Dataset content:
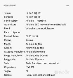 bellissima bici , modello ATALA BUNNY GIRL, ruote da 12. Adatta a bambini di 4, 5 anni , in ottime condizioni , usata poco. Nuova è ad € 150
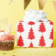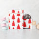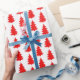 Enkelt, modernt Skandinaviskt stil-rött och vitt julklapp, med rött gräs träd på rent vit bakgrund.
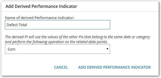 Derived Performance Indicators are created by performing a statistical operation (Sum, Average, Max, Min, or Median) on the data from the PIs in the Table object. A derived Performance Indicator will use the values of the other Performance Indicators having the same date or category and perform the specified operation on the related data points.

Task prompt:
Pictures are to be omitted; otherwise, write out the data exactly as it appears.

Output for this exercise:
 bellissima bici , modello ATALA BUNNY GIRL, ruote da 12. Adatta a bambini di 4, 5 anni , in ottime condizioni , usata poco. Nuova è ad € 150
 Enkelt, modernt Skandinaviskt stil-rött och vitt julklapp, med rött gräs träd på rent vit bakgrund.
 Derived Performance Indicators are created by performing a statistical operation (Sum, Average, Max, Min, or Median) on the data from the PIs in the Table object. A derived Performance Indicator will use the values of the other Performance Indicators having the same date or category and perform the specified operation on the related data points.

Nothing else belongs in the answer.